|
> What I find missing in the internet is that people who have been doing this for years are not writing about this. In my last job I implemented a feature store from scratch with ca. 500 hand crafted and ca 2.500 with code generator automatically generated features. It didn't only serve the current value of the features, but the data scientists could populate an 'init' table manually with (customer_id, reference_date, target_value) tuples, and the pipeline re-calculated the historic feature values for the given customer and reference_date. So if the data scientists came up with a new fature definition, after implementation (5 mins - 2 hours per feature), he - and all other data scientists - immediatelly got access to the features's history. We had so many features, that I had to implement an automatic feature-prunning, otherwise the users got lost. We could train, test, validate and deploy models within 24 hours (model fitting run over-night). When I left the company, we had ca 40 models in production, managed by 1 person (by me) in part-time (3-4 hours a week). This was in an off-line business, so we didn't had to deal with latency by feature serving and didn't had to be able to change a feature's value during the day, so everything could run batch based over night. Why I didn't write about it? Because it was implemented in PL/SQL running on Oracle ExaData and in SAS. No one cares about feature stores implemented with tech like that. People care about models trained in python, ported to Scala by Java devs, running in docker on k8s, features coming from HiveQL, sqoop, oozie or Spark and stored on cassandra, MySQL or Elasticsearch. But do they have a feature store with built in time-travel functionality? |
> do they have a feature store with built in time-travel functionality?
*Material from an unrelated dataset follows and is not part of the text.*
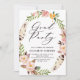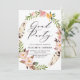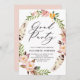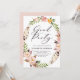 Convite de festa de formatura inspirado no boho, com penas de aquarela e flores, cor-de-rosa-dorso. Elegante e caprichoso, perfeito para a graduação em primavera. Este design está disponível para outros eventos.

My feature store hasn't supported time-travel yet. But many SaaS implementations do, including Tecton, Hopswork, Splice Machine, etc. Open source feature stores haven't implemented this critical feature AFAIK.
> Why I didn't write about it? Because it was implemented in PL/SQL running on Oracle ExaData and in SAS. No one cares about feature stores implemented with tech like that.
Haha, I do. Actually I am thinking about implementing feature stores using some "old-school" DB technology. By the way, just curious since I've never used PL/SQL: Are you able to implement the time-travel functionality using pure SQL?